Your output should match the listing below word for word, without any images.

*** Opening of DATASET SECTION ***

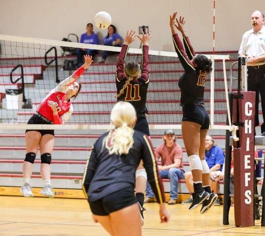 The Chiefs defeated Laurel Hill 25-16, 25-16, 25-23.
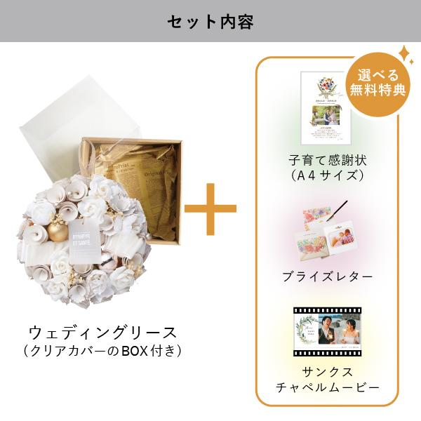 | 無料特典 | ブライズレター1セット(レターケース、専用レター5枚)、子育て感謝状(A4サイズ)(※フレームは付きません。)、サンクスチャペルムービーの中から1つお選びいただけます。 |
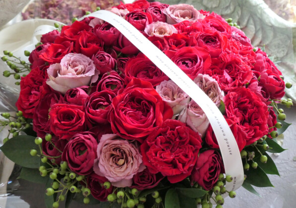 バラに、南天、餅花、水引、松葉をあしらって、すばらしい調和。マッカできれいでしょうがない。
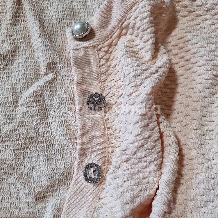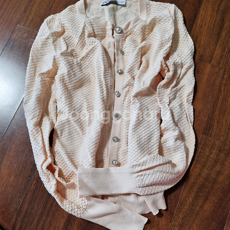 ZARA 여성 와플니트 가디건 연살구색상 S사이즈(니트라XS이 안나왔을거예요) 진주,보석이 교차되는 단추가 특징인 페미닌한 무드를 가진 가디건이예요. 몇번입지 않아 전체 상태는 좋은데 뭘 흘렸었는지 양쪽 팔꿈치 뒷면에 아주 희미한 얼룩이 있어요. 색상이 다른것도 아니고 빛에 열심히 비춰야 보이는 곳이라 입으시면 잘 모를거예요. 판매를 위해 손세탁 해두었어요. 🟢배송비안내 반택 GS1800/CU/세븐 일반택배 3200 부피에 따라 우편,준등기 가능

*** Close of DATASET SECTION ***

- RESPONSE TO THE TASK -
 The Chiefs defeated Laurel Hill 25-16, 25-16, 25-23.
 | 無料特典 | ブライズレター1セット(レターケース、専用レター5枚)、子育て感謝状(A4サイズ)(※フレームは付きません。)、サンクスチャペルムービーの中から1つお選びいただけます。 |
 バラに、南天、餅花、水引、松葉をあしらって、すばらしい調和。マッカできれいでしょうがない。
 ZARA 여성 와플니트 가디건 연살구색상 S사이즈(니트라XS이 안나왔을거예요) 진주,보석이 교차되는 단추가 특징인 페미닌한 무드를 가진 가디건이예요. 몇번입지 않아 전체 상태는 좋은데 뭘 흘렸었는지 양쪽 팔꿈치 뒷면에 아주 희미한 얼룩이 있어요. 색상이 다른것도 아니고 빛에 열심히 비춰야 보이는 곳이라 입으시면 잘 모를거예요. 판매를 위해 손세탁 해두었어요. 🟢배송비안내 반택 GS1800/CU/세븐 일반택배 3200 부피에 따라 우편,준등기 가능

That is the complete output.